TOKYO (Reuters) - Hitachi Ltd <6501.T>, Japan's largest electronics maker, said on Tuesday that it is reviewing the structure of its nuclear power partnership with General Electric Co <GE.N>, as it seeks to win more deals globally.
A Hitachi spokesman did not rule out the possibility of Hitachi and GE changing their investments in their joint ventures as part of an overhaul of Hitachi's global sales network, but said nothing concrete had been discussed or decided.
The nuclear power business is one of the focus areas for Hitachi -- a sprawling conglomerate of 900 group firms -- as it steers itself toward growth again after four consecutive years of losses.
It competes with the likes of Japan's Toshiba <6502.T> and France's Areva <CEPFi.PA> in nuclear power.
The Nikkei business daily reported earlier that Hitachi is considering taking control of foreign sales of nuclear equipment. Hitachi currently leads Japan sales, while GE is in charge of other markets through their partnership.
"GE has its hands full with the U.S. and isn't able to cover Asia, the Middle East and Europe," Hitachi President Hiroaki Nakanishi was quoted as telling the Nikkei in an interview.
Nakanishi also told the paper that he thought the foreign operations were not working out as Hitachi had initially expected.
But J.P. Morgan analyst Yoshiharu Izumi questioned whether it would make much difference if Hitachi took charge of its overseas nuclear sales.
"GE and Hitachi make BWRs (boiling water reactors), and they don't do PWRs (pressurized water reactors), which is growing and which Toshiba, Westinghouse and Areva offer," Izumi said.
"The main markets for the BWR-type reactors are still the United States and Japan. So I don't think there will be much difference even if Hitachi takes control."
In the nuclear segment, it and GE joined forces in 2007 and set up joint ventures in Japan and the United States.

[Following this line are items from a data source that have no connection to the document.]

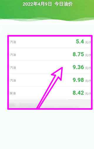 3、最后在详情界面就可以看到最近的油价了。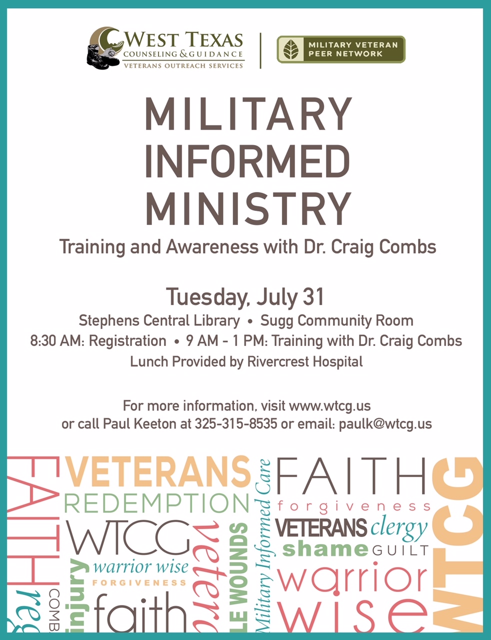 See the message below. May God bless you and yours abundantly. Pastor Mark Krause1st UMC Mertzon PO Box 583 105 West Juanita Ave. Mertzon, TX. 76941 325-315-6659cell 830-486-6526 ----- Forwarded Message ----- From: Amy Moore <westamy [at] suddenlinkmail.com>To: Amy Moore <westamy [at] suddenlinkmail.com>Sent: Tuesday, July 24, 2018, 2:01:07 PM CDTSubject: FW: Military Informed Ministry training Forwarded as requested: God bless, Amy Moore Operations Manager West District Office 1315 S. Abe St. San Angelo, TX 76903 (325)486-1500 Please pass on this invite to the pastors, priests, ministers, preachers, and clergy for your personal church, synagogue, or faith community. It would also be very helpful if they would in-turn pass it on to other clergy they know. We would like to reach all of the clergy in the Concho Valley. Thank you! JOIN US Tuesday, July 31, 2018 for Military Informed Ministry training 8:30 AM: Registration 9AM - 1PM Training with Dr. Craig Combs Stephens Central Library - Sugg Community Room All clergy and/or their appointed representatives are invited Lunch will be provided by Rivercrest Hospital There is no cost for this training Register at EventBrite: https://www.eventbrite..com/e/military-informed-ministry-training-awareness-with-dr-craig-combs-tickets-47188339594 The Concho Valley is home to over 15,000 Veterans and their families are often longing to find informed support for the struggles they endure because of their traumatic experiences. A well-informed and compassionate local church can often be an effective source for the support and solutions that these Service Members, Veterans, and their Families (SMVF) are seeking. Military Informed Ministry training is designed to inform, equip, and inspire local church leaders in the Concho Valley region to be "Warrior Wise" in reaching out and ministering to those SMVF who may be struggling. The topics will include Military Culture, the Invisible Wounds of War/Trauma (focusing on Moral Injury), Rural and Women Veterans Mental Health, Practical Ideas/Examples and List of Resources. Dr. Craig Combs is a retired Texas Army National Guard Chaplain with 26 years of service, including two combat tours in Iraq in which he earned a Combat Action Badge and two Bronze Star Medals. He retired in 2014 as an O6/COL and as the Command/State Chaplain for the Texas National Guard, receiving the Legion of Merit Medal for his service. He holds a Master in Theology (ThM) degree from Dallas Theological Seminary and a PhD in Family Education from Texas Tech University. He now serves as the Community Partner Coordinator for the Veterans Mental Health Program (VMHP) at the Texas Veterans Commission (TVC). Craig resides in Argyle, Texas and is married with five grown children, three daughter-in-laws and six grandchildren. He has a passion for spending time with family, especially in the outdoors, and for serving those who have sacrificially served our Nation in uniform. Best, <image008.png>Kevin Wade, LCSW ACSW Clinical Director & WTCG Vet Program director West Texas Counseling & Guidance 36 E. Twohig—6th Floor, Cactus Hotel, San Angelo, TX 76903 O: 325-944-2561 ꟾ C: 325-340-8960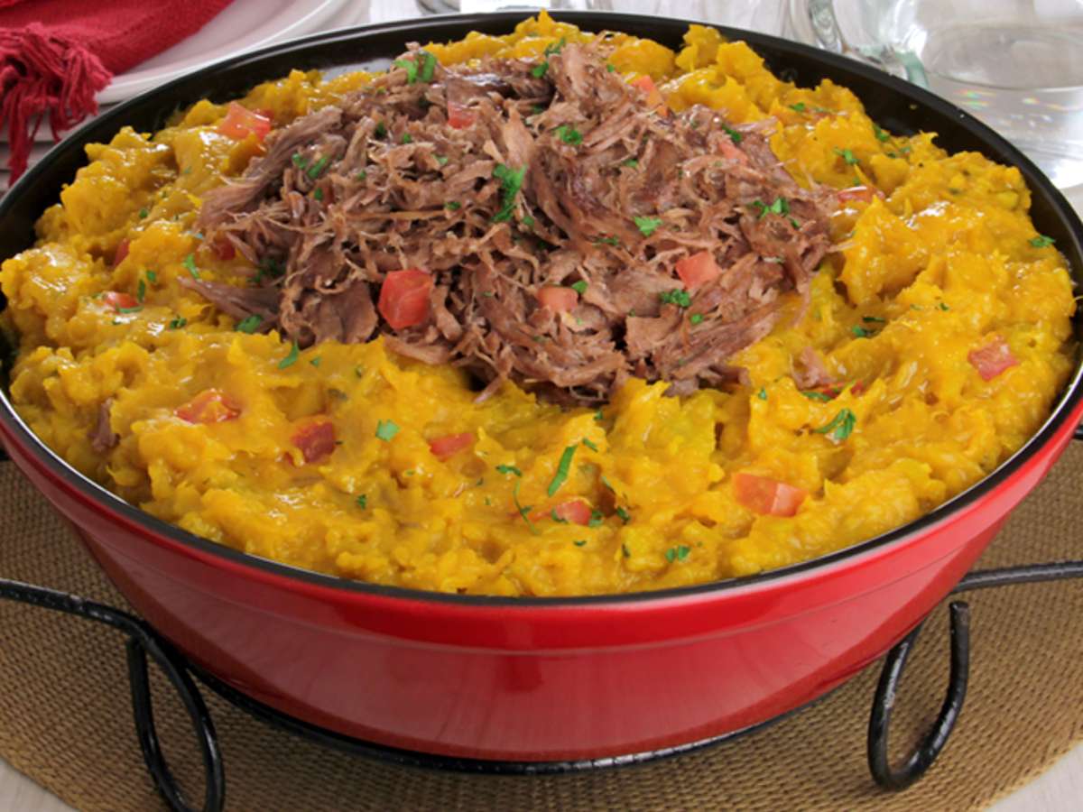 - Carne desfiada com purê de abóbora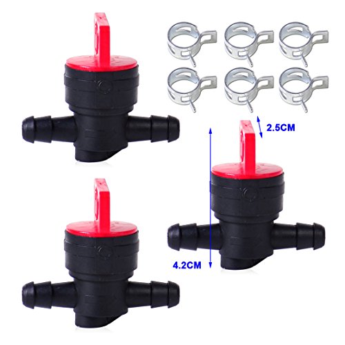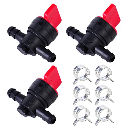 3本入り 1/4" インライン燃料ガス 断つ シャットオフ バルブペットコック ブリッグス&ストラットン+6本 クランプ
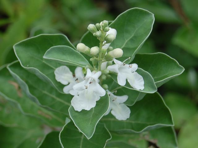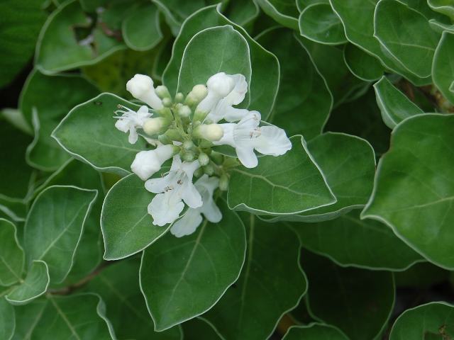 稀に白花のものがあり、白花蔓荊(シロバナハマゴウ)と呼んでいる。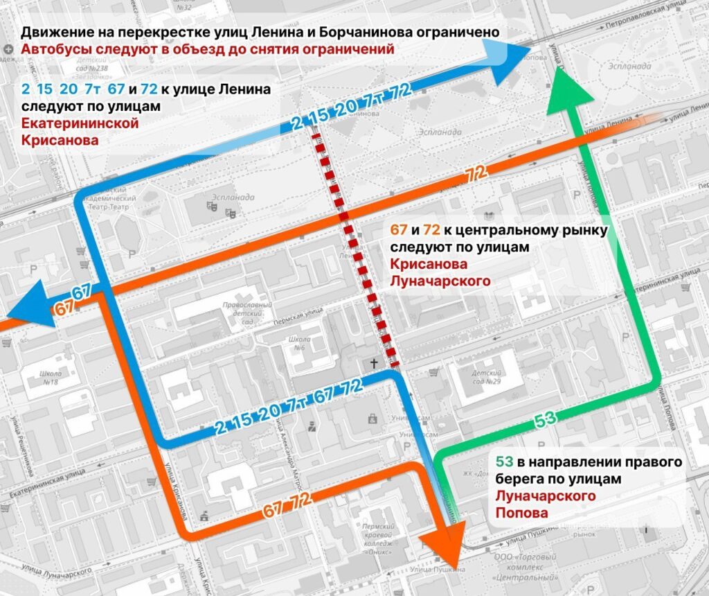 Автобусы маршрутов №№ 2, 15, 20, 7т, 67 и 72 следуют в объезд по улицам Крисанова и Екатерининской/Луначарского. № 53 в направлении Коммунального моста едут по Луначарского и Попова. В Дептрансе отметили, что маршруты автобусов №№5 и 11 остались без изменения.

Hitachi owns 80 percent of the Japanese venture, while GE as a 60 percent stake in the American company, which caters to the United States and other overseas markets.
The Nikkei also said Hitachi will consider locating its headquarters for some business segments, including information technology and infrastructure, overseas. It has already moved the headquarters of its hard-disk-drive segment to the United States.
Separately, the Financial Times quoted Nakanishi as saying in an interview that Europe's debt problems were having an impact on business and that some contracts had been delayed and there may be cancellations.
But the Hitachi spokesman said that while some projects were experiencing some delays, the company was not expecting any cancellations or a big impact on overall earnings.
Hitachi shares were down 3.8 percent at 358 yen in midafternoon, underperforming a 0.7 percent fall in the benchmark Nikkei average <.N225>.